I do not pretend that unemployment rates around the present levels are acceptable. Nobody is more determined than this Government to get unemployment down by our wider economic policies. What is significant about unemployment rates is their comparative levels. On this basis Derbyshire, even Alfreton and Chesterfield, is not significantly disadvantaged compared with the seriously affected areas—the 27 per cent. or so of the working population which is to remain in assisted areas. If unemployment alone does not justify assisted area status, what else might? It cannot convincingly be argued that either area in question displays the kind of heavy dependence on steeply declining sectors of industry that characterises many of the assisted areas. Nor can they be described as isolated from markets and suppliers, with poor communications. It is literally a central part of Britain with good communication connections to other industrialised areas all round.

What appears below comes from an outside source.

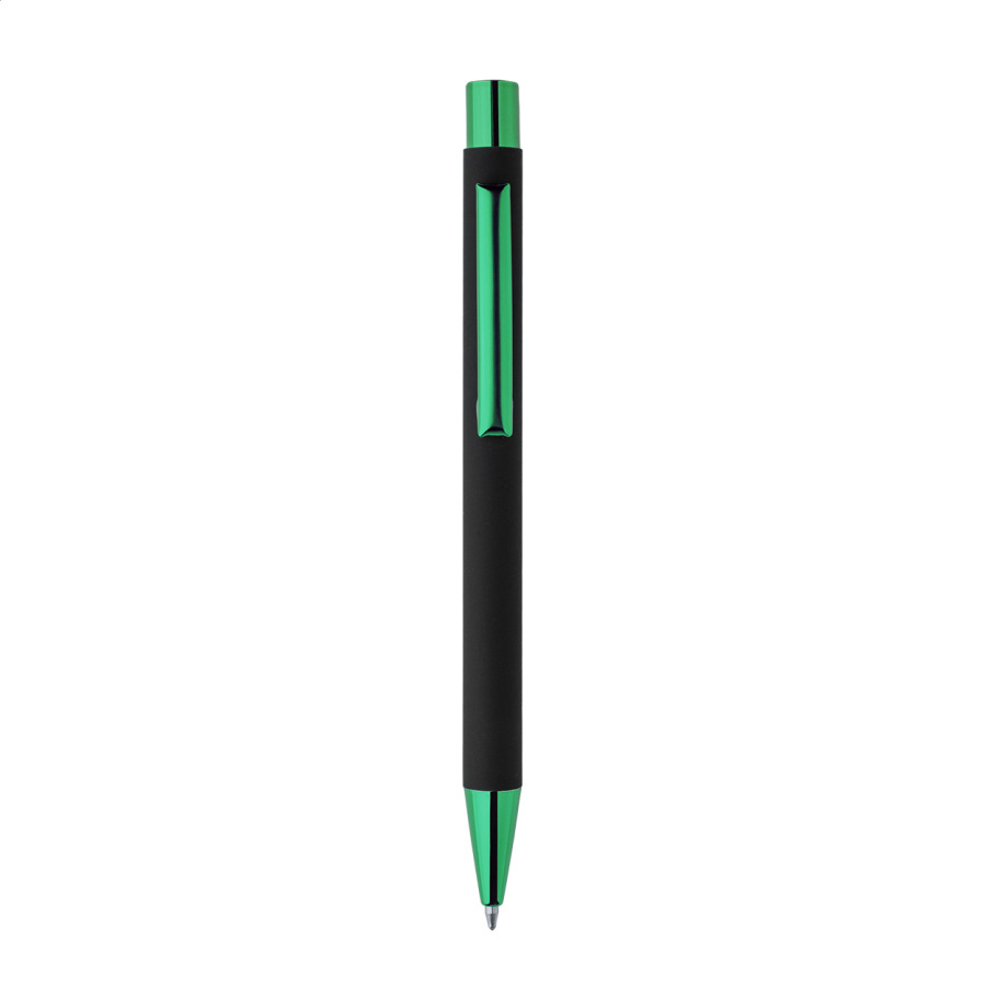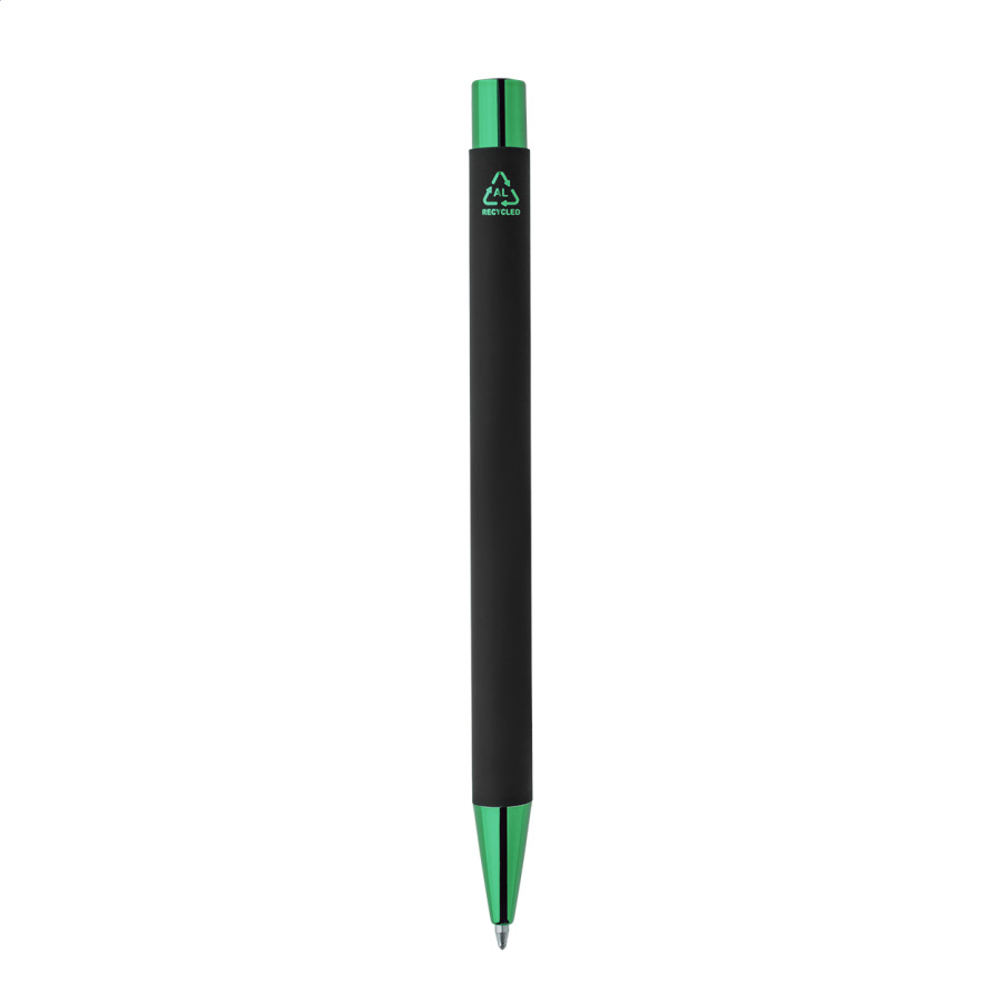 Guľôčkové pero z recyklovaného hliníka s čiernym pogumovaným telom a farebnými lesklými kovovými časťami. So špeciálnym povrchom na zrkadlové gravírovanie, ktoré ladí s kovovými časťami. S modrou náplňou.

Even if we accepted that Alfreton and Chesterfield should remain assisted areas, would that necessarily be entirely to their advantage? Altogether 84 travel-to-workareas representing around 17 per cent. of the working population of Great Britain are to become non-assisted on 1 August. Many of them have unemployment rates as high as—often much higher than—Alfreton and Chesterfield. If these two areas retain their status, what about the other 82?

Non-assisted areas, such as many in the West Midlands which face similar industrial problems and have similar communications, have much higher rates of unemployment than the two with which we are dealing. If we granted assisted area status to Alfreton and Chesterfield, many other areas would claim that they should remain assisted. If they do, the domino effect could be so powerful that it would cut the ground from under the feet of the worst affected areas, depriving them of a good part of the benefits which greater selectivity is intended to bring. Even more significantly, it would also ensure that assisted area status was far less helpful even to Alfreton and Chesterfield than it might be in theory, because there was so much more competition for industrial investment—not to mention the fact that the rest of Derbyshire would also remain at a comparative disadvantage.

The Question having been proposed after Ten o'clock, and the debate having continued for half an hour, Mr. DEPUTY SPEAKER adjourned the House without Question put, pursuant to the Standing Order.

Adjourned at fourteen minutes past Twelve o'clock.